# The task
Copy the lines below exactly. No picture goes into the copy.

Saved data entries
◇ ◇ ◇ ◇ ◇ ◇ ◇

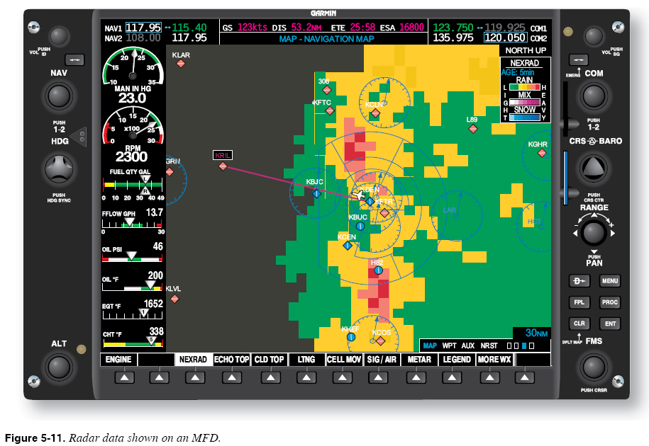 Risk: Flying in Close Proximity to Terrain A display that plainly shows your position with respect to surrounding terrain is sometimes cited as the most reassuring system available in the advanced avionics cockpit. The same display can also invite the unwary pilot to attempt risky maneuvers. Suppose that, on a VFR flight to an airport located in hilly terrain, you encounter a layer of fog at 1,100 feet. In an aircraft with no terrain system, you would not consider proceeding to the airport because you have a personal minimum of 1,500 feet. With a ceiling of less than 1,500 feet, you deem the situation simply too risky. With the surrounding terrain neatly displayed in front of you, however, you may feel more confident and be tempted to give it a try. However, a wise pilot remembers that, unless the equipment is TAWS certified, accuracy is suspect. Even with TAWS certification, the information presented is no better than the database accuracy. Consult the equipment handbook or manual to determine the accuracy of the database in that area. CFIT accidents are still occurring despite the advent of advanced avionics. What has happened here? Psychologist Gerald J. S. Wilde coined the phrase risk homeostasis to refer to a tendency for humans to seek target levels of risk. Our hill-flying scenario illustrates the concept. After pondering the perceived risks, you decide that having the terrain display gives you the same level of perceived risk with a 1,000-foot ceiling as you felt you had at 1,500 feet without the terrain display. You see no need to “give away” this new margin of perceived safety. Rather, you decide to use it to your advantage. Equipped with the terrain display, your new minimum ceiling becomes 1,000 feet, and you continue on your way to the airport. Wilde does not support the idea of using technology to seek target levels of risk. Rather, he argues that safety measures such as seat belt laws and anti-lock brakes have not resulted in drastic reductions in highway fatalities in part because, in response to the added sense of safety provided by these measures, drivers have emboldened their driving behavior to maintain existing levels of risk. Another issue is the lack of training in the new equipment and its uses. The functions of TAWS and basically how it works have been previously described, yet there is no training program outside the military that teaches anyone to fly based on the TAWS display. It requires much precision flight training to learn the timing and skills to fly from a display depicting a myriad of data and converting that data into close and low terrain flight directions. All advanced avionics are designed to help the pilot avoid a hazard, not enable the pilot to get closer to it. TAWS is not a terrain flight following system. Cockpit Weather Systems Advanced avionics cockpit weather systems provide many of the same weather products available on the ground and have a variety of uses that can enhance awareness of weather that may be encountered during almost any phase of flight. Radar images, satellite weather pictures, Aviation Routine Weather Reports (METARs), terminal weather forecasts (TAFs), significant meteorological information (SIGMETs), Airmen’s Meteorological Information (AIRMETs), and other products are now readily accessible at any time during flight. Weather products provided by cockpit weather systems are typically presented on an MFD. Some installations allow the overlay of this data in the PFD. You must learn the procedures required to show each kind of weather product on the MFD and/or PFD, and how to interpret each type of weather product. Know the limitations of each type of product, and the ways in which cockpit weather systems can be used to gather information and remain clear of weather hazards throughout the flight. Thunderstorms and Precipitation Thunderstorms and general areas of precipitation are detected through the use of radar. In the advanced avionics cockpit, radar data can come from one of two sources: an onboard weather radar system or a ground weather surveillance radar system, such as the Next Generation Radar (NEXRAD) system. Ground weather surveillance system data is transmitted to the cockpit via a broadcast (or datalink) weather service. Onboard weather radar and ground weather surveillance radar systems each offer advantages and disadvantages to the pilot. Some aircraft use a combination of both systems. While onboard radar is real time, many downloaded radar images and other reports are delayed for some time period for various reasons. Given the nature of thunderstorms and other weather hazards, this delay could prove hazardous. You must know the true quality and age of the data. Most MFDs are capable of presenting radar data together with aircraft position and the programmed route, as shown in Figure 5-11.
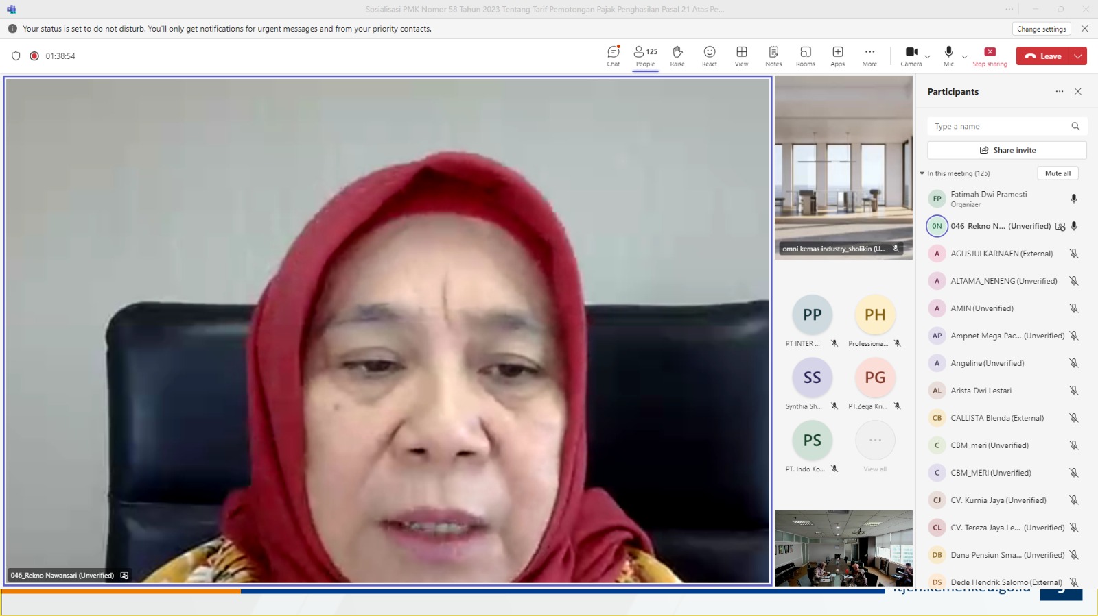 Teams Meeting dihadiri 140 peserta dengan pemateri Fungsional Penyuluh Pajak Fanita Pratiwi dan Yofie Fardian Mashudha. Ikut menghadiri Kepala KPP Madya Jakarta Utara Rekno Nawansari, menyampaikan materi terkait program pengendalian gratifikasi dan penanganan pengaduan serta perlindungan pelapor.
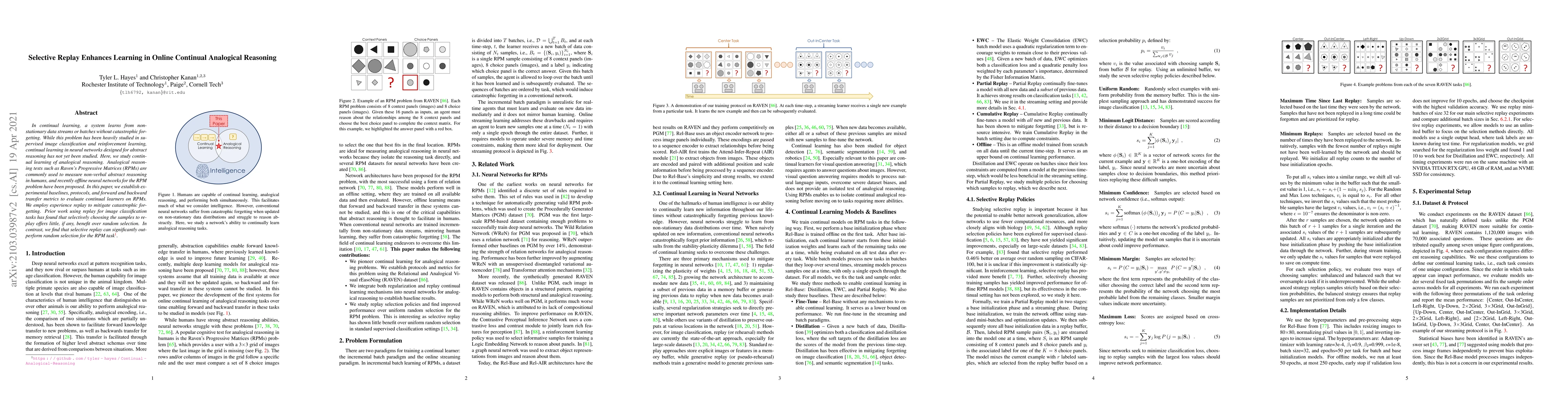 This paper investigates continual learning for analogical reasoning, specifically in the context of Raven's Progressive Matrices (RPMs). It finds that selective replay, as opposed to random selection, significantly enhances learning performance in neural networks tasked with continual analogical reasoning, contrasting with prior findings in image classification.
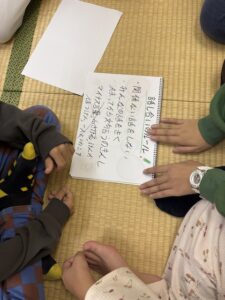 みんなでしっかり意見を出し合って話し合おうね、と前置きをしてから始めたおかげか、よく喋ってお互いの考えをまとめようとしていました。
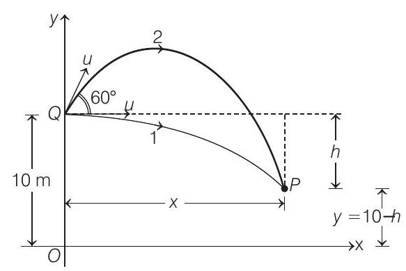 $$ \begin{array}{cc} & x=\left(u \cos 60^{\circ}\right) t _2=u t _1 \\ \text { or } & x=2.5 \sqrt{3} t _2=5 \sqrt{3} t _1 \\ \text { or } & t _2=2 t _1 \\ \text { and } & h=\left|\left(u \sin 60^{\circ}\right) t _2-\frac{1}{2} g t _2^{2}\right|=\frac{1}{2} g t _1^{2} \\ \text { or } & h=\frac{1}{2} g t _2^{2}-\left(u \sin 60^{\circ}\right) t _2=\frac{1}{2} g t _1^{2} \end{array} $$
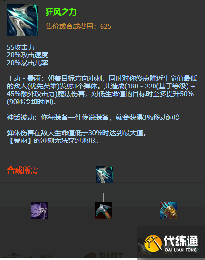 2、出装思路:之所以出利刃,是因为利刃可以减少W的CD,这套在释放大招的时候,移速可以直接飙升的600多,而且E技能可以持续保持大招的时间。在对面坦克特别多的情况下,狂风可以替换成海妖。
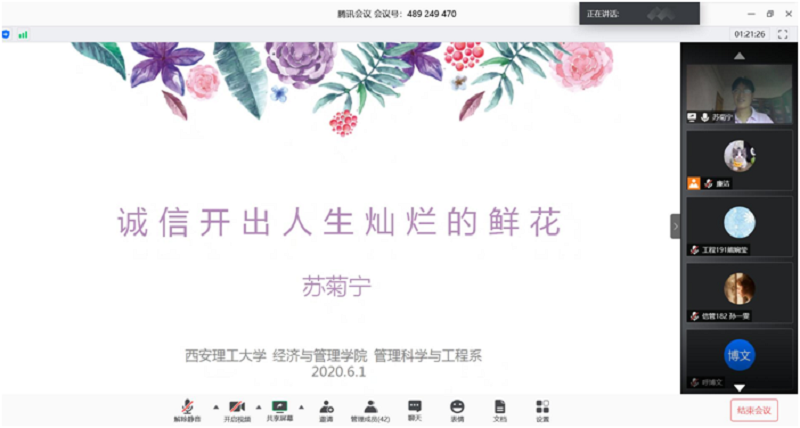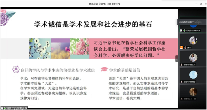 6月1日晚,304永利集团有限公司苏菊宁教授在腾讯会议平台(会议号:489249470)开展了以“诚信开出人生灿烂的鲜花”为题的本科生学术诚信教育讲座,本次学术诚信教育的主要对象为304永利集团有限公司大三员工。报告中,苏菊宁教授首先引用典籍对“诚信”二字的含义进行了解释,接着又从经济学的角度简要介绍了日常生活中的诚信行为,然后重点讲解了学术诚信的内涵、重要性以及不遵守学术诚信所带来的危害。最后,苏菊宁教授结合大三员工即将面临就业这一特征,分析了不同就业选择的利弊,为员工提供了专业性的建议并回答了员工的提问。
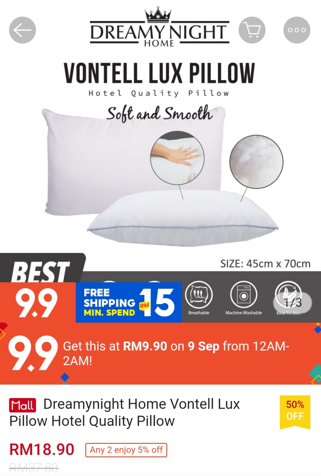 ▪ Dreamynight Home Vontell Lux Pillow Hotel Quality Pillow – RM37.80 RM9.90
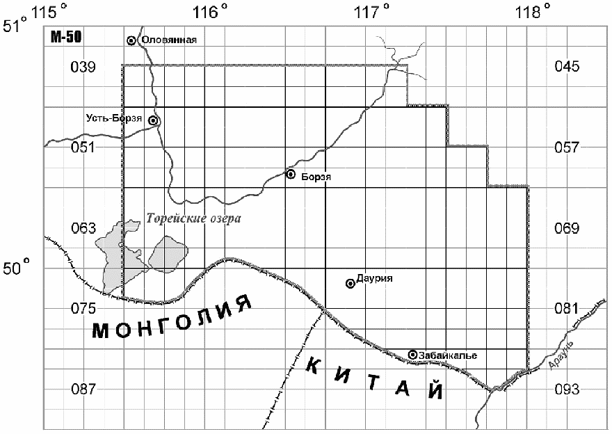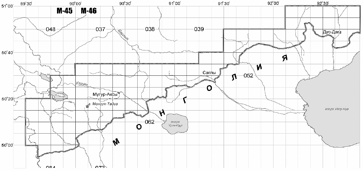м-ба 1:1000000; Б - листов карт м-ба 1:25000 (секторов)
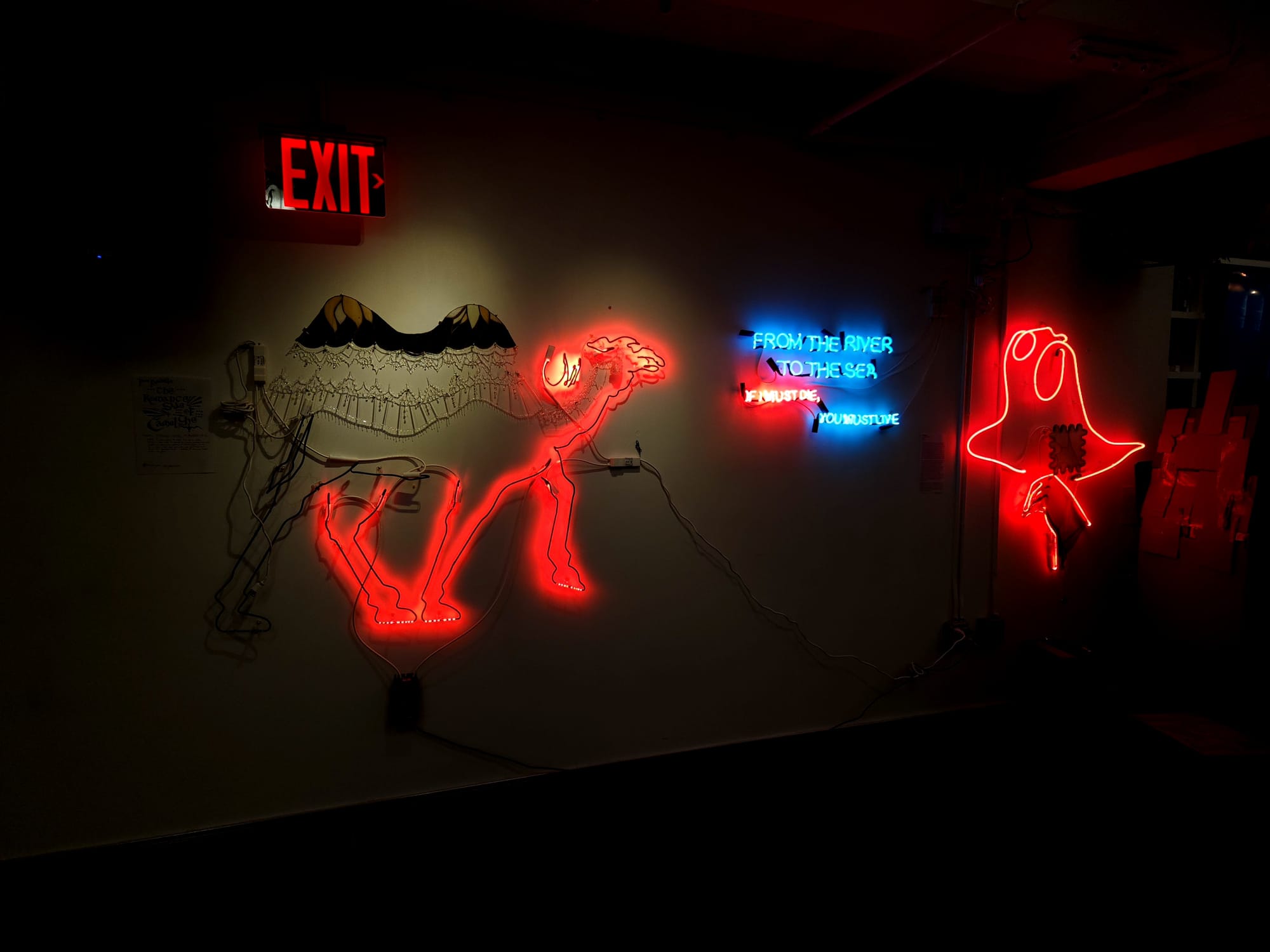 UrbanGlass's board excluded Garip's neon piece "YOU MUST LIVE" (2024), which depicts the popular expression of Palestinian solidarity "from the river to the sea," from the staff exhibition Fundamental Particles last March. The phrase, UrbanGlass's board told Hyperallergic in a statement at the time, was “received by many — including members of the UrbanGlass community — as a literal or stochastic call for violence against them."

◇ ◇ ◇ ◇ ◇ ◇ ◇

# Answer to the exercise
 Risk: Flying in Close Proximity to Terrain A display that plainly shows your position with respect to surrounding terrain is sometimes cited as the most reassuring system available in the advanced avionics cockpit. The same display can also invite the unwary pilot to attempt risky maneuvers. Suppose that, on a VFR flight to an airport located in hilly terrain, you encounter a layer of fog at 1,100 feet. In an aircraft with no terrain system, you would not consider proceeding to the airport because you have a personal minimum of 1,500 feet. With a ceiling of less than 1,500 feet, you deem the situation simply too risky. With the surrounding terrain neatly displayed in front of you, however, you may feel more confident and be tempted to give it a try. However, a wise pilot remembers that, unless the equipment is TAWS certified, accuracy is suspect. Even with TAWS certification, the information presented is no better than the database accuracy. Consult the equipment handbook or manual to determine the accuracy of the database in that area. CFIT accidents are still occurring despite the advent of advanced avionics. What has happened here? Psychologist Gerald J. S. Wilde coined the phrase risk homeostasis to refer to a tendency for humans to seek target levels of risk. Our hill-flying scenario illustrates the concept. After pondering the perceived risks, you decide that having the terrain display gives you the same level of perceived risk with a 1,000-foot ceiling as you felt you had at 1,500 feet without the terrain display. You see no need to “give away” this new margin of perceived safety. Rather, you decide to use it to your advantage. Equipped with the terrain display, your new minimum ceiling becomes 1,000 feet, and you continue on your way to the airport. Wilde does not support the idea of using technology to seek target levels of risk. Rather, he argues that safety measures such as seat belt laws and anti-lock brakes have not resulted in drastic reductions in highway fatalities in part because, in response to the added sense of safety provided by these measures, drivers have emboldened their driving behavior to maintain existing levels of risk. Another issue is the lack of training in the new equipment and its uses. The functions of TAWS and basically how it works have been previously described, yet there is no training program outside the military that teaches anyone to fly based on the TAWS display. It requires much precision flight training to learn the timing and skills to fly from a display depicting a myriad of data and converting that data into close and low terrain flight directions. All advanced avionics are designed to help the pilot avoid a hazard, not enable the pilot to get closer to it. TAWS is not a terrain flight following system. Cockpit Weather Systems Advanced avionics cockpit weather systems provide many of the same weather products available on the ground and have a variety of uses that can enhance awareness of weather that may be encountered during almost any phase of flight. Radar images, satellite weather pictures, Aviation Routine Weather Reports (METARs), terminal weather forecasts (TAFs), significant meteorological information (SIGMETs), Airmen’s Meteorological Information (AIRMETs), and other products are now readily accessible at any time during flight. Weather products provided by cockpit weather systems are typically presented on an MFD. Some installations allow the overlay of this data in the PFD. You must learn the procedures required to show each kind of weather product on the MFD and/or PFD, and how to interpret each type of weather product. Know the limitations of each type of product, and the ways in which cockpit weather systems can be used to gather information and remain clear of weather hazards throughout the flight. Thunderstorms and Precipitation Thunderstorms and general areas of precipitation are detected through the use of radar. In the advanced avionics cockpit, radar data can come from one of two sources: an onboard weather radar system or a ground weather surveillance radar system, such as the Next Generation Radar (NEXRAD) system. Ground weather surveillance system data is transmitted to the cockpit via a broadcast (or datalink) weather service. Onboard weather radar and ground weather surveillance radar systems each offer advantages and disadvantages to the pilot. Some aircraft use a combination of both systems. While onboard radar is real time, many downloaded radar images and other reports are delayed for some time period for various reasons. Given the nature of thunderstorms and other weather hazards, this delay could prove hazardous. You must know the true quality and age of the data. Most MFDs are capable of presenting radar data together with aircraft position and the programmed route, as shown in Figure 5-11.
 Teams Meeting dihadiri 140 peserta dengan pemateri Fungsional Penyuluh Pajak Fanita Pratiwi dan Yofie Fardian Mashudha. Ikut menghadiri Kepala KPP Madya Jakarta Utara Rekno Nawansari, menyampaikan materi terkait program pengendalian gratifikasi dan penanganan pengaduan serta perlindungan pelapor.
 This paper investigates continual learning for analogical reasoning, specifically in the context of Raven's Progressive Matrices (RPMs). It finds that selective replay, as opposed to random selection, significantly enhances learning performance in neural networks tasked with continual analogical reasoning, contrasting with prior findings in image classification.
 みんなでしっかり意見を出し合って話し合おうね、と前置きをしてから始めたおかげか、よく喋ってお互いの考えをまとめようとしていました。
 $$ \begin{array}{cc} & x=\left(u \cos 60^{\circ}\right) t _2=u t _1 \\ \text { or } & x=2.5 \sqrt{3} t _2=5 \sqrt{3} t _1 \\ \text { or } & t _2=2 t _1 \\ \text { and } & h=\left|\left(u \sin 60^{\circ}\right) t _2-\frac{1}{2} g t _2^{2}\right|=\frac{1}{2} g t _1^{2} \\ \text { or } & h=\frac{1}{2} g t _2^{2}-\left(u \sin 60^{\circ}\right) t _2=\frac{1}{2} g t _1^{2} \end{array} $$
 2、出装思路:之所以出利刃,是因为利刃可以减少W的CD,这套在释放大招的时候,移速可以直接飙升的600多,而且E技能可以持续保持大招的时间。在对面坦克特别多的情况下,狂风可以替换成海妖。
 6月1日晚,304永利集团有限公司苏菊宁教授在腾讯会议平台(会议号:489249470)开展了以“诚信开出人生灿烂的鲜花”为题的本科生学术诚信教育讲座,本次学术诚信教育的主要对象为304永利集团有限公司大三员工。报告中,苏菊宁教授首先引用典籍对“诚信”二字的含义进行了解释,接着又从经济学的角度简要介绍了日常生活中的诚信行为,然后重点讲解了学术诚信的内涵、重要性以及不遵守学术诚信所带来的危害。最后,苏菊宁教授结合大三员工即将面临就业这一特征,分析了不同就业选择的利弊,为员工提供了专业性的建议并回答了员工的提问。
 ▪ Dreamynight Home Vontell Lux Pillow Hotel Quality Pillow – RM37.80 RM9.90
м-ба 1:1000000; Б - листов карт м-ба 1:25000 (секторов)
 UrbanGlass's board excluded Garip's neon piece "YOU MUST LIVE" (2024), which depicts the popular expression of Palestinian solidarity "from the river to the sea," from the staff exhibition Fundamental Particles last March. The phrase, UrbanGlass's board told Hyperallergic in a statement at the time, was “received by many — including members of the UrbanGlass community — as a literal or stochastic call for violence against them."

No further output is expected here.